Но больше всего удивили меня солдаты, что держали в руках диковинные, разных размеров, изогнутые трубы, напрягались, дули в них, а эти трубы, блестя на солнце, издавали громкие разных голосов звуки. Так впервые услышал тогда удивившую меня музыку военных оркестров.
Мог ли в то время знать шестилетний ребенок, о том, что это был конец бесславной русско-японской войне. Конец той войне, где погибли на маньчжурских полях многие тысячи наших русских солдат.
Мог ли понимать о том, что эти солдаты, оставшись в живых, вот здесь под звуки духовых оркестров, радуются ликуют словно малые дети, возвращению на родину, к себе домой, к своим семьям, о том, что зарываясь в сочную травянистую зелень жадно вдыхая этот запах родины, опрокидываясь навзничь, вперив свои взоры в синюю высь неба, все они мечтают о волнующих встречах.
В то лето в нашем доме, в маленькой дощатой кладовочке, нашел я крошечный блестящим голенищем сапожок и спросил:
– Мама, это чей?
Вмести ответа покатились из глаз ее крупные слезы, потом всхлипывания перешли в глухие рыдания.

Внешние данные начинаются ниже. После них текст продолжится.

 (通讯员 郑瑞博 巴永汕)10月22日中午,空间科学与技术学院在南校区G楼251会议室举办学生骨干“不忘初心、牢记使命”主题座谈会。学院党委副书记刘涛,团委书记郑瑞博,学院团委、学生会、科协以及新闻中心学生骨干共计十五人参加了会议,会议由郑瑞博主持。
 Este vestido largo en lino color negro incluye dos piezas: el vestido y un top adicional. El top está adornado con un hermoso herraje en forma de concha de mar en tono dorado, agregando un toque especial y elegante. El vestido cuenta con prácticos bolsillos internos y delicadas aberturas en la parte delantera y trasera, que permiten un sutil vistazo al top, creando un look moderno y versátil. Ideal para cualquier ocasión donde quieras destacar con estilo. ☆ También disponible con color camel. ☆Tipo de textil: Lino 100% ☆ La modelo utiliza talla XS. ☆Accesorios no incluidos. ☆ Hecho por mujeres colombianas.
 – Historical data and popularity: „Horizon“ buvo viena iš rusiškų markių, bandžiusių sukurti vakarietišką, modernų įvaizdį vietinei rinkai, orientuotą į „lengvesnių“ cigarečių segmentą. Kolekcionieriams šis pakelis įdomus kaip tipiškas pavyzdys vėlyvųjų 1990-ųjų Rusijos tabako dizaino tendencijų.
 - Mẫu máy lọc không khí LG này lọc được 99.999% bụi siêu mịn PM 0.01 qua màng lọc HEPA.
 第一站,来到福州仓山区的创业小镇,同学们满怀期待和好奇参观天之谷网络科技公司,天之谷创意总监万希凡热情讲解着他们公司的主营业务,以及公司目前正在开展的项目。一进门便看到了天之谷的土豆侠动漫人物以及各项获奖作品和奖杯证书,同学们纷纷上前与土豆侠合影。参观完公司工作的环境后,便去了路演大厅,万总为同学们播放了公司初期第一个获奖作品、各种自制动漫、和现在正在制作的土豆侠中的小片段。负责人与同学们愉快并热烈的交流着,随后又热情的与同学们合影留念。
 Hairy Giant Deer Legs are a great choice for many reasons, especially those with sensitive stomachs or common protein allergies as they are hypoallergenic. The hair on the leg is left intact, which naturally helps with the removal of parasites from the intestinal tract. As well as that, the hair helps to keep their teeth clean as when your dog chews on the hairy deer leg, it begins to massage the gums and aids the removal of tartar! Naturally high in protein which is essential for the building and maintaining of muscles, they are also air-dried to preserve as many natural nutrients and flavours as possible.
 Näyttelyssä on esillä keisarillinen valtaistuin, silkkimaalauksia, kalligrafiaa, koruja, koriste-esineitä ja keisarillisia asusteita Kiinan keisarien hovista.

Глядя на нее я тоже заплакал. После стал замечать, как занимаясь шитьем, часто тихо напевала она свою любимую песню:
Позарастали стежки-дорожки,
Где проходили милого ножки”
Я смотрел на нее и вздел как блестящие, крупные слезы, одна за другой капали на ее шитье.
Любила бабушка рассказывать мне о моем отце, крепко запомнились ее задушевные слова:
– Был отец твой, Мшцутка, веселым, справедливым и ласковым. За это все и любили его. И на военной службе был он на хорошем счету. Военное песни запевал всегда первым. Голос у него был хороший, приятный. За эти песни любил его и командир. Вот раз приехал к ним большой военный начальник, проверить как солдаты выполняют службу, а понравился ему твой отец, Захотел начальник перевести его к себе поближе. Ну и стал он у командира расспрашивать о твоем отце:»Кто он, да что он?»
А командир-то был хитрый. Он и говорит начальнику:
«Ваша высоко-благородие, да солдат-то этот в напей роте ведь первый «запивала!».
Не пил водки большой начальник и не терпел кто ее пьет.
Так и остался отец твой на старом месте до окончания службы.
–Бабушка, а почему он не оправдался перед большим начальником? — возмущался, спрашивал я.
– Перед самым уходом с военной службы узнал об этом отец- то твой. Да если бы и раньше узнал, как мог бы он перечить своему командиру — успокаивала меня бабушка:
– И после, дома, любил отец твой песни петь вдвоем с твоей матерью, больше все песни наши, смоленские. Запоют бывало они, слушал бы все время их да и слушал.
Я всегда жадно ловил каждое слово об отце, горько сожалел что его не помнил.
Бабушка часто внушала мне:
« – Вот, Миша, после смерти твоего отца, много раз подряд видела я один и тот-же сон. Идет будто ко мне ваш отец, на одной руке несет тебя, а на другой несет сестру твою Настю и говорит мне:
– «Мать, а мать, не бросай моих детей!”
В такие минуты голос бабушки снижался, до шопота. Он больно щемил мое сердце. Слезы медленно ползли по морщинистым ее щекам, некоторые задерживались, на все еще длинных её ресницах и блестели заставшими хрустальными каплями.
Все это сильно волновало меня, глубоко западало в душу. С каждым разом я все сильнее и сильнее льнул к ней.
Так в то время всегда и рвался из дома я к бабушке, которая с семьей стала проживать в западной части нашей зеленой улицы.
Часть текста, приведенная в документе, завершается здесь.